> **Directions**: Could you transcribe exactly the lines below, from the line with "Celine Light Grey" through the line with "書房空間以屋主喜好的沉穩調規", and nothing else, leaving out the pictures?

> **Provided records**:
--------------------

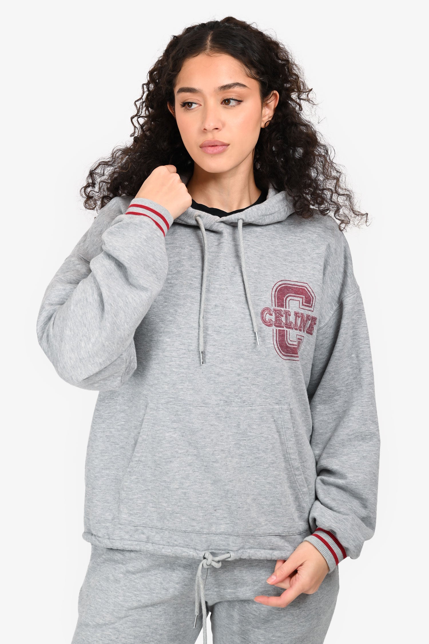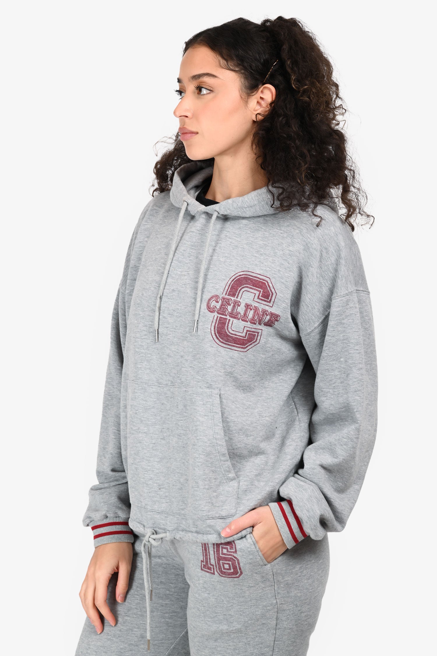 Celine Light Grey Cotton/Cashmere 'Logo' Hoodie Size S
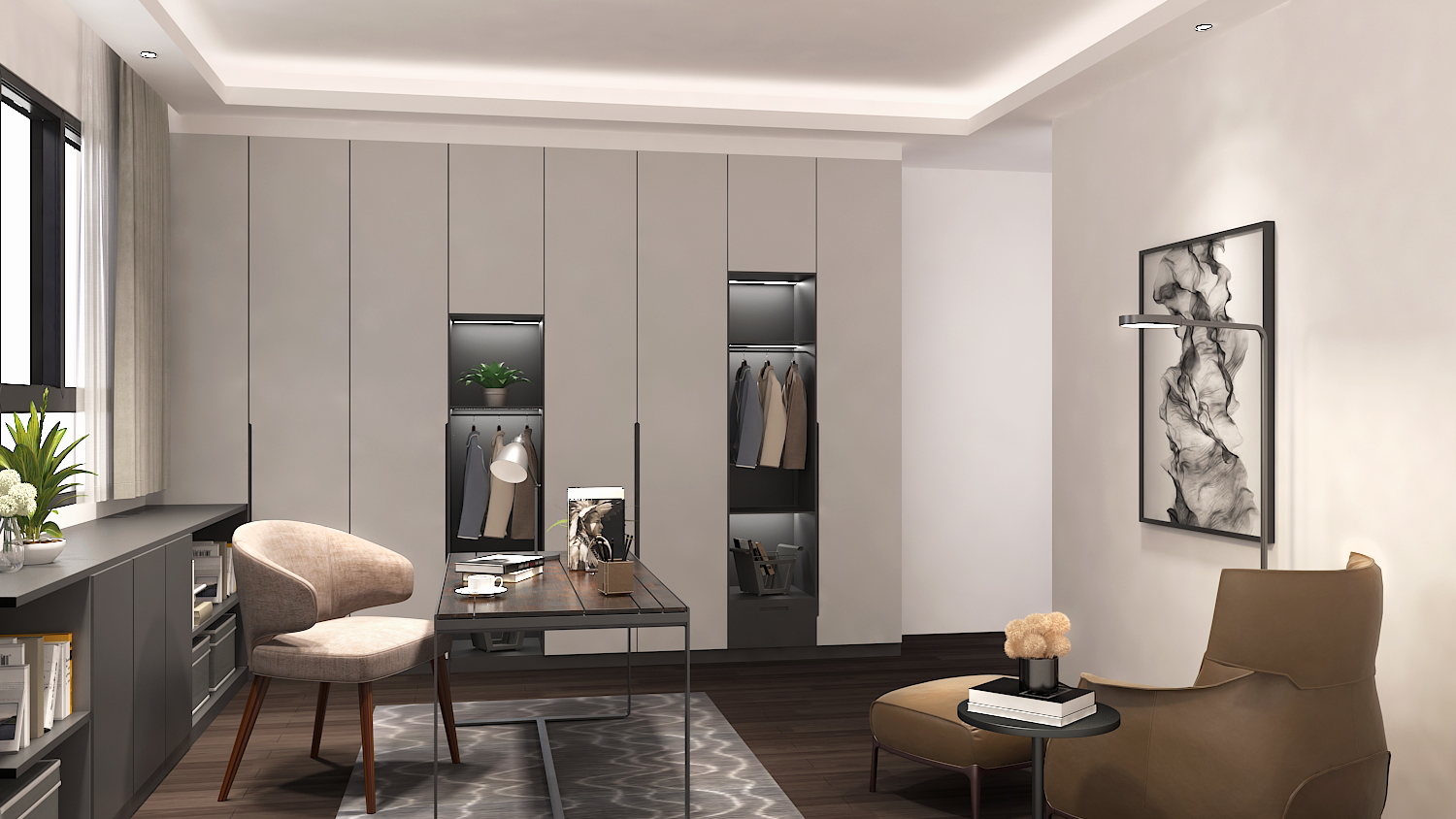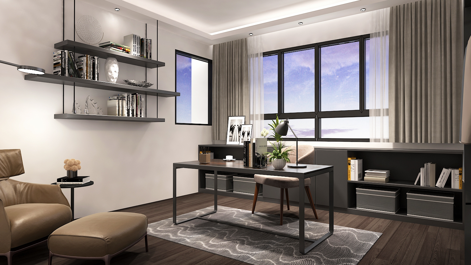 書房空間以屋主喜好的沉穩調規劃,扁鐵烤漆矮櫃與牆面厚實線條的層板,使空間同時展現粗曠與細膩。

--------------------

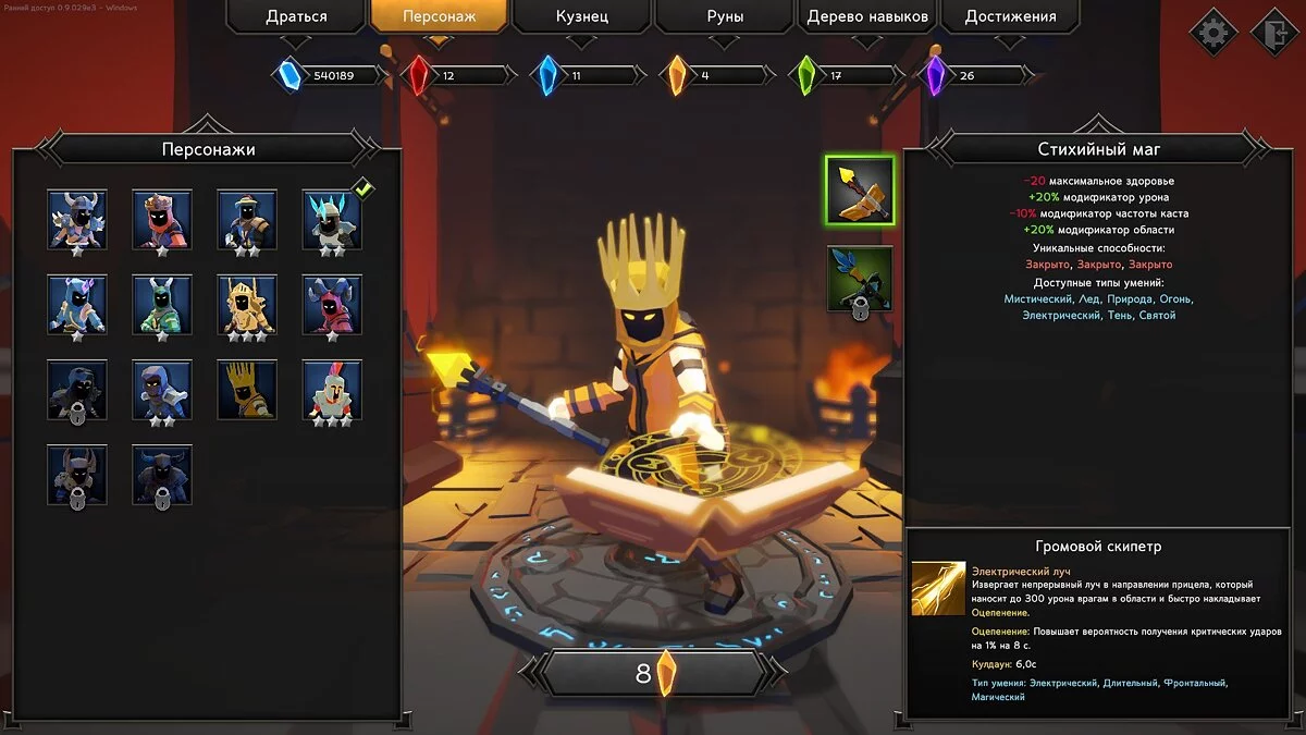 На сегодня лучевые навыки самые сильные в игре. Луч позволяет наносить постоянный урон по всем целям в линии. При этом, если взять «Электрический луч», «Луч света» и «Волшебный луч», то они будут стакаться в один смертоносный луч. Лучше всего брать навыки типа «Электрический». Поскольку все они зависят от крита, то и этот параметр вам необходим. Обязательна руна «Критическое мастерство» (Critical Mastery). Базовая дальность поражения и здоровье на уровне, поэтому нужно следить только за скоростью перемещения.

--------------------

> **Result below**:
 Celine Light Grey Cotton/Cashmere 'Logo' Hoodie Size S
 書房空間以屋主喜好的沉穩調規劃,扁鐵烤漆矮櫃與牆面厚實線條的層板,使空間同時展現粗曠與細膩。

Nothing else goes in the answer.